Budget-constrained: fast (4 steps), balanced (8 steps), deep (15 steps).

Three Pipeline Paths

Query arrives → Self-RAG gate → Route decision:

├─ ⚡ Overview     Pre-computed summary exists → instant answer
│
├─ 📊 Cascaded    BM25 finds 30+ posts → entity filter → map-reduce (up to 500 posts)
│
└─ 🔍 Standard    Parallel retrieve (BM25 + Vector + Graph + Hashtag)
                      → Merge & dedup → Rerank → CRAG loop
                      → Graph enrich → Generate answer
                        └─ 🤖 Agentic mode: LLM picks tools autonomously

🧩 Memory Primitives

Tool Points Description
🔍 search_memory 3 Hybrid search with answer generation. Scope by channel, folder, or all sources
📋 get_digest 25 Period digest (1d / 3d / 7d / 30d) with topic clustering and source links
get_decisions 12 Extract decisions, action items, and open questions from conversations
🤖 get_agent_context 15 Full context package: search + digest + graph + decisions in one call
🔬 analysis/deep 50 Deep analysis with map-reduce over hundreds of posts
add_source free Connect a channel, group, or Telegram folder. Set sync depth (1m–1y)
📂 list_sources free List all connected sources with message counts and sync status
📁 list_folders free List your Telegram folders and their channels
🔗 check_telegram_auth free Check if your Telegram account is connected
📊 sync_status free Real-time ingestion progress for all sources
remove_source free Disconnect a source and stop syncing

🚀 Quick Start

Method 1: MCP Package (Claude Desktop / Cursor)

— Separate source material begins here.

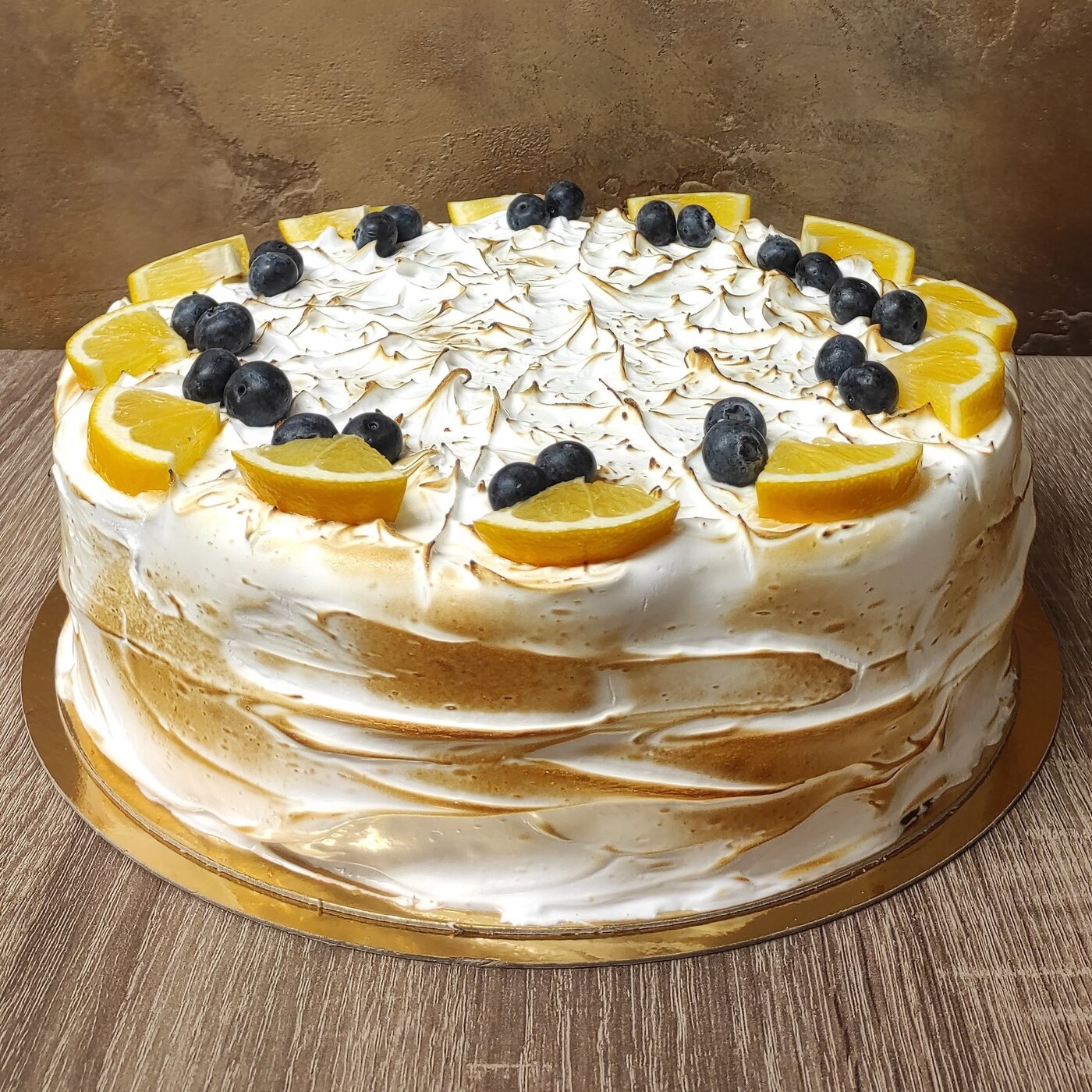 Citrónový piškot, mascarpone krém a jako osvěžující vklad maracujový vařený krém. Celý dort je zahalen do bílkového sněhu s lehce karamelizovaným povrchem. Zdobený ovocem.

pip install agent-memory-mcp

Add to your MCP config (claude_desktop_config.json or .cursor/mcp.json):

{
  "mcpServers": {
    "agent-memory": {
      "command": "agent-memory-mcp",
      "env": {
        "AGENT_MEMORY_API_KEY": "amk_your_key_here",
        "AGENT_MEMORY_URL": "https://agent.ai-vfx.com"
      }
    }
  }
}

Get your API key from @AgentMemoryBot → 🔑 API Keys → Create.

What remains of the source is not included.